The settlement comes after Monsanto failed in efforts to get the cases dismissed, and after the court agreed to class certification. Monsanto has changed its labeling in response to the litigation, the court indicated.

Roundup Cancer Lawsuits

The settlement comes amid a growing number of Roundup injury lawsuits filed by individuals nationwide, each of which allege that long-term exposure to the weed killer and its active ingredient, glyphosate, resulted in non-Hodgkin’s lymphoma and similar cancers.

Internal documents produced during the discovery process have suggested that the manufacturer knew about the cancer risks associated with the Roundup active ingredients for years.

These complaints are centralized as part of a multidistrict litigation (MDL) pending before U.S. District Judge Vince Chhabria in the Northern District of California. The litigation has been consolidated for pretrial proceedings to reduce duplicative discovery into common issues, prevent conflicting rulings from different Courts and to serve the convenience of the parties, witnesses and the judicial system.

As part of the coordinated MDL proceedings, Judge Chhabria has previously determined that the Roundup litigation will be bifurcated, first addressing general causation about the link between the widely used weedkiller and non-Hodgkins lymphoma, as well as other forms of cancer, before addressing case-specific issues about whether Roundup caused cancer for each individual plaintiff.

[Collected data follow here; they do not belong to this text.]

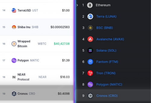 Теперь давайте поговорим про сеть Cronos. Сейчас она находится на 9-ом месте по сумме заблокированых средств (TVL) среди блокчейн платформ, а главная монета сети, и экосистемы Cryptocom с тикером CRO находится на 19 месте по капитализации в рейтинге всех криптовалют мира. Капитализация CRO на данный момент составляет чуть больше $10 млрд. В сети Cronos запущено более 120 проектов, и зарегистрировано более 500,000 адресов пользователей. Ниже на картинке вы можете видеть слева рейтинг криптовалют от Coinmarketcap, и справа рейтинг блокчейн-платформ от Defi Llama.
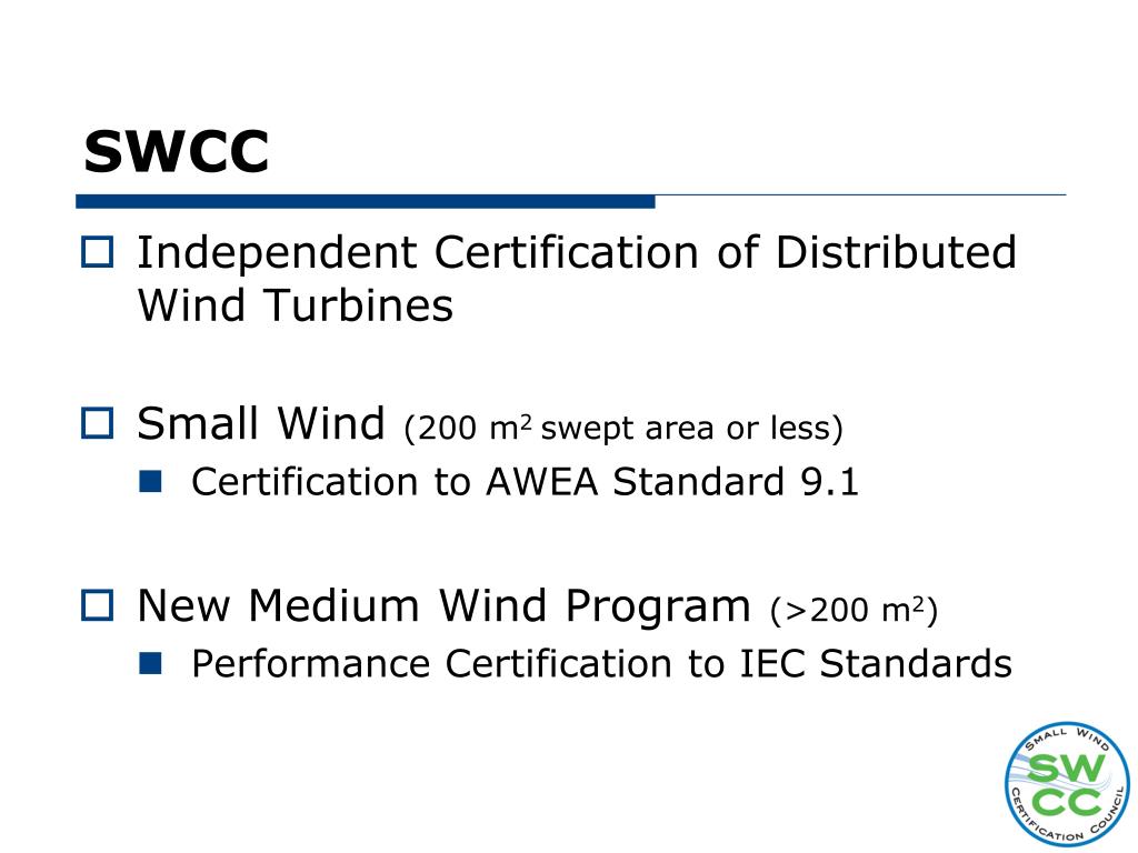 SWCC • Independent Certification of Distributed Wind Turbines • Small Wind (200 m2 swept area or less) • Certification to AWEA Standard 9.1 • New Medium Wind Program (>200 m2) • Performance Certification to IEC Standards
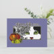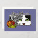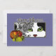 Gato negro de ojos verdes mirando detrás de una flor Art Nouveau con acento de calabaza y saludo de Halloween. Artista, Margaret Loftin Whiting, estilo clásico.
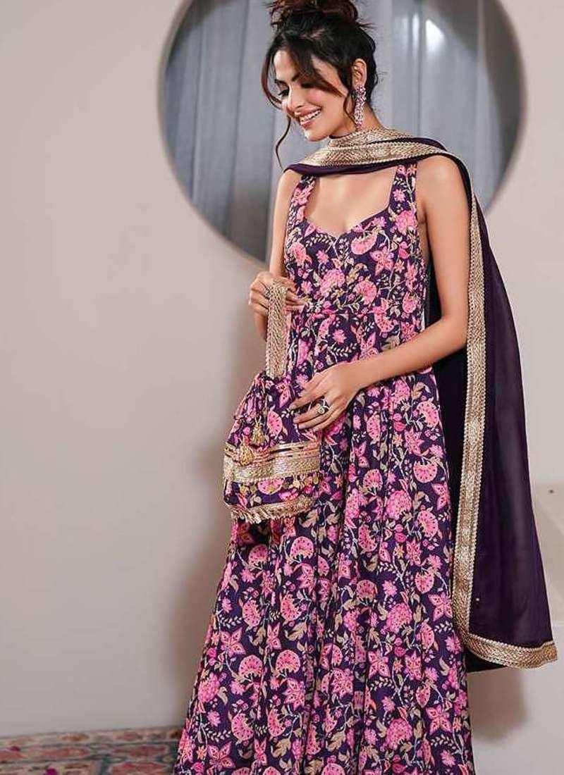 | Product Name | Purple Printed Crepe Anarkali Set | |
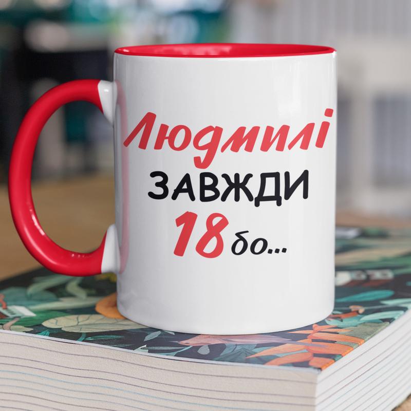 Чашка керамічна з принтом "людмилі завжди 18" 330 мл, біла з червоною ручкою
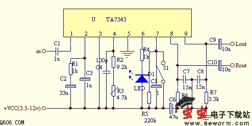 TA7343的供电电压为3.5--12v,具有制作元件少,不需外接分离度调节元件,仍能保持较高的声道分离度,一般为45dB。
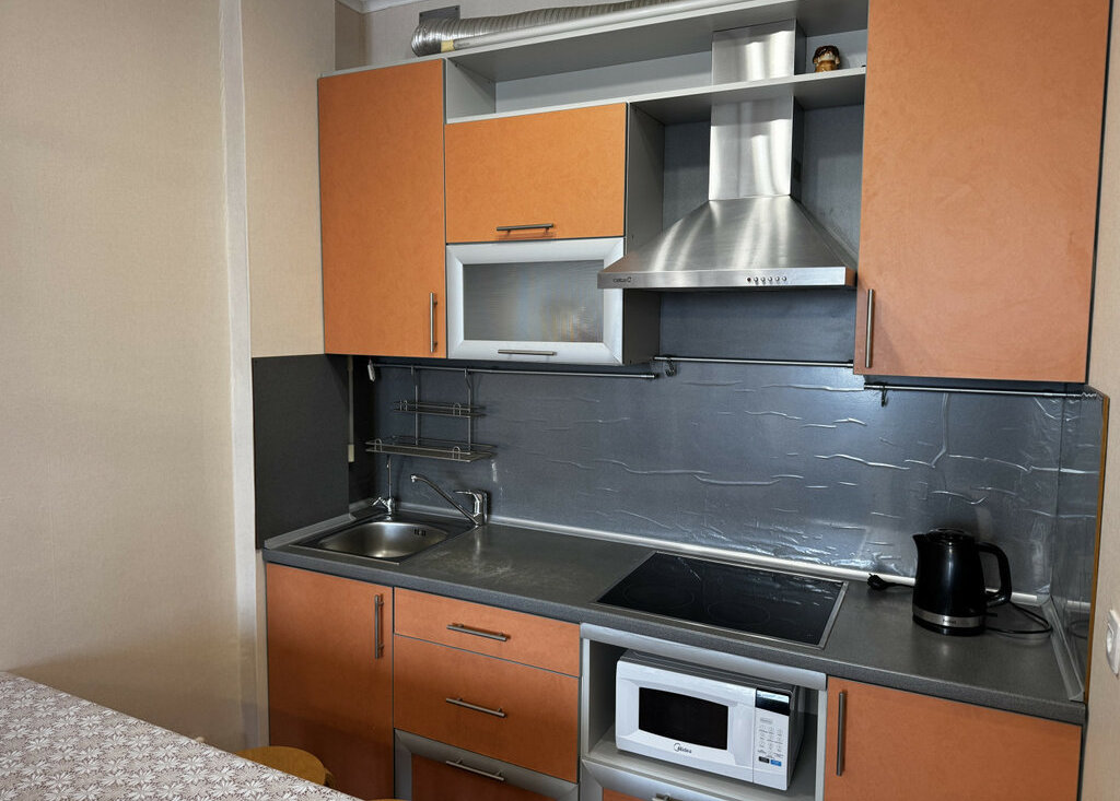 Оснащение квартиры: телевизор, электрочайник, электроплита, микроволновая печь, стиральная машина, холодильник.

Following resolution of any motions to dismiss based on general causation, if a Roundup non-Hodgkins lymphoma settlements or another resolution for the litigation is not reached during the first phase of discovery, it is expected that Judge Chhabria will establish a bellwether process, where a small group of cases will be prepared for early trial dates to help gauge how juries may respond to certain evidence and testimony that is likely to be repeated throughout the lawsuits.